Exercise directions:
Omit the pictures, then reproduce every remaining record exactly.

Supplied material:

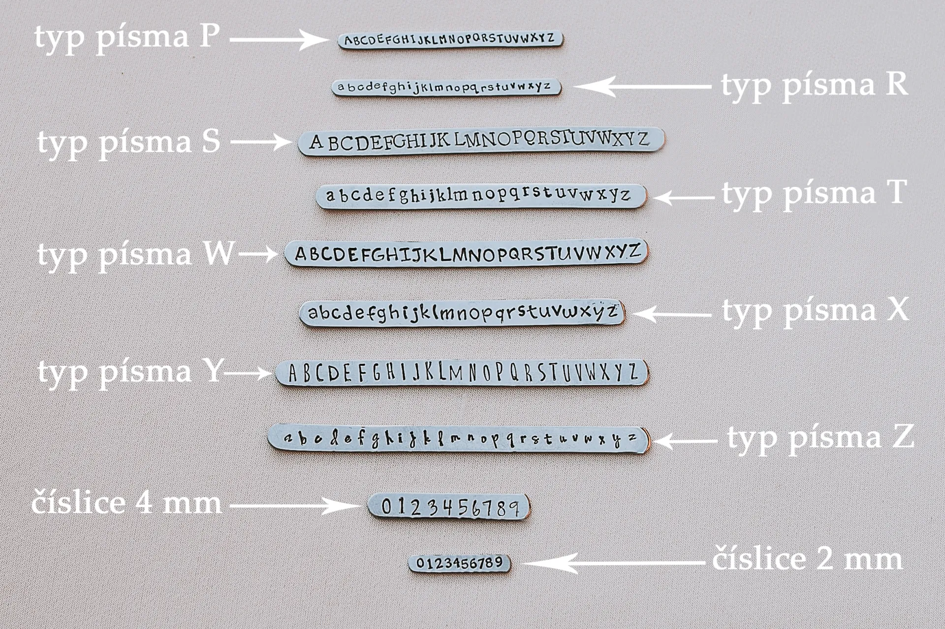 Pri objednávke si viete zvoliť iba jeden typ písma, na prívesok vám ale samozrejme môžeme vyraziť akékoľvek kombinácie nami ponúkaných typov písma.
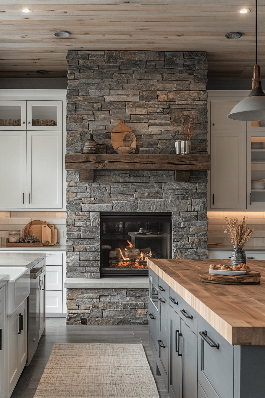 13. Stone Fireplace Kitchen Accent
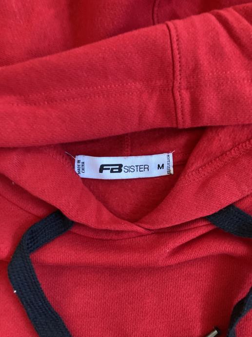 Prodam nošen rdeč pulover z dolgimi rokavi in kapuco primeren za številko S/M. Na rokavih je črn napis in mrežica.
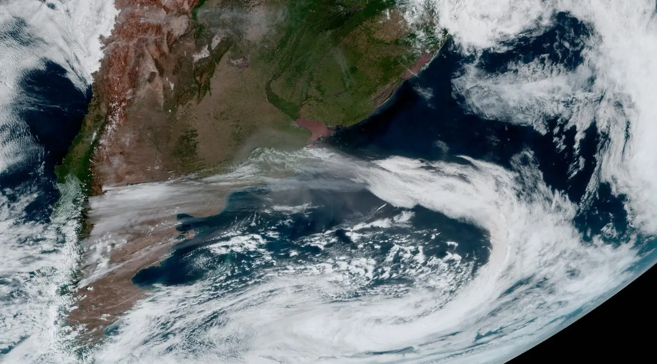 Ciclone poderoso no Sul do continente e que ontem (17) estava sobre o Sul da Argentina gerou uma enorme nuvem de poeira que na manhã desta terça (18) havia avançado para Norte, transportada por correntes de vento.
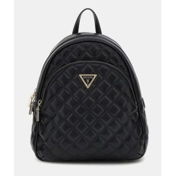 Guess Giully HWQG8748320-BLA Γυναικείο Σακίδιο Πλάτης Καπιτονέ, Μαύρο, Οικολογικό Δέρμα, Με Μεταλλικό Λογότυπο

Exercise solution:
 Pri objednávke si viete zvoliť iba jeden typ písma, na prívesok vám ale samozrejme môžeme vyraziť akékoľvek kombinácie nami ponúkaných typov písma.
 13. Stone Fireplace Kitchen Accent
 Prodam nošen rdeč pulover z dolgimi rokavi in kapuco primeren za številko S/M. Na rokavih je črn napis in mrežica.
 Ciclone poderoso no Sul do continente e que ontem (17) estava sobre o Sul da Argentina gerou uma enorme nuvem de poeira que na manhã desta terça (18) havia avançado para Norte, transportada por correntes de vento.
 Guess Giully HWQG8748320-BLA Γυναικείο Σακίδιο Πλάτης Καπιτονέ, Μαύρο, Οικολογικό Δέρμα, Με Μεταλλικό Λογότυπο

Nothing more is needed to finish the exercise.